- Active: August 1861 to December 19, 1861
- Country: United States
- Allegiance: Union
- Branch: Infantry
- Engagements: Battle of Port Royal

= 3rd Rhode Island Infantry Regiment =

The 3rd Rhode Island Infantry Regiment was an infantry regiment in the Union Army during the American Civil War.

==Service==
The 3rd Rhode Island Infantry Regiment was organized at Providence, Rhode Island, in August 1861.

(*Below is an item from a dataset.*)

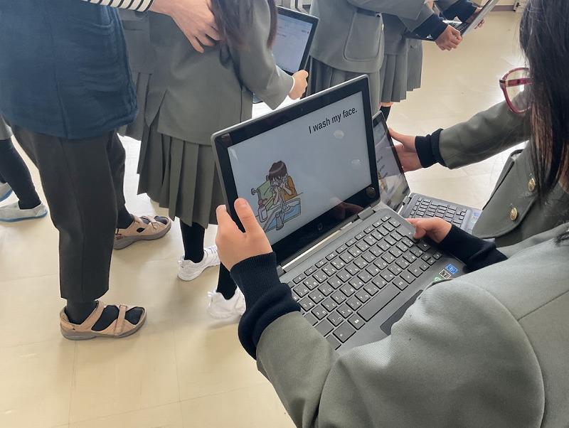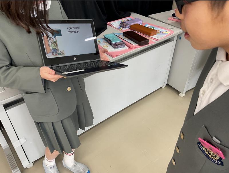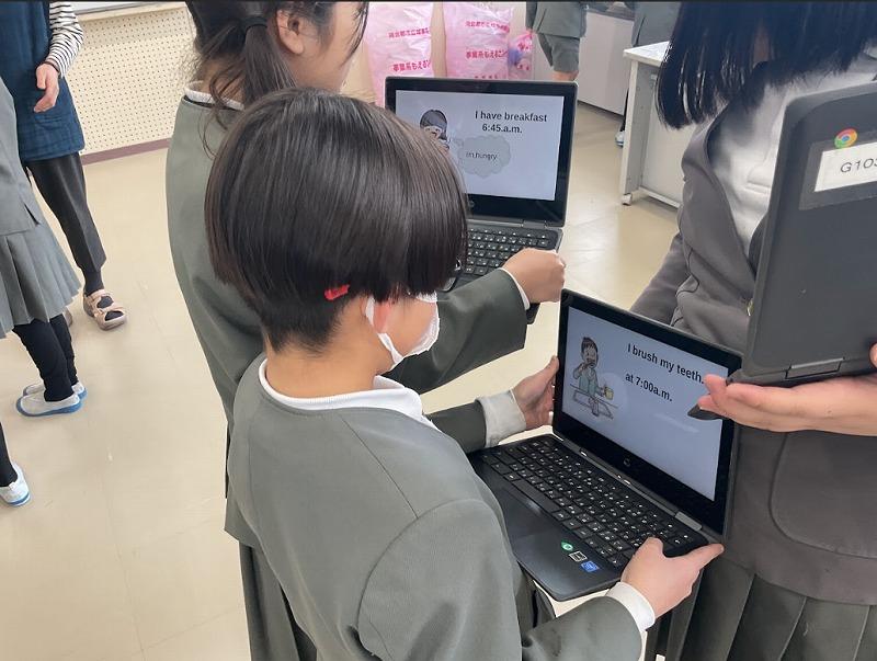 英語で伝えることに苦労しながらも、スライドを見せながら上手に自分の日課を紹介していました。中には、時間や頻度を表す言葉も入れながら自分の日課を紹介する様子も見られ、とても素敵でした。
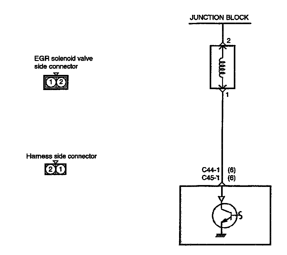 The EGR solenoid valve is a duty control type solenoid valve, which controls EGR valve operating negative pressure to the throttle body port.

The regiment left Rhode Island for Fort Hamilton, New York Harbor, September 7, 1861, then moved to Washington, D.C., September 14–16, returning to Fort Hamilton September 22. Moved to Fort Monroe, Virginia, October 12–14. It was attached to Sherman's South Carolina Expeditionary Corps. Participated in the expedition to Port Royal, South Carolina, October 28-November 7. Capture of Fort Walker and Fort Beauregard, Port Royal Harbor, November 7.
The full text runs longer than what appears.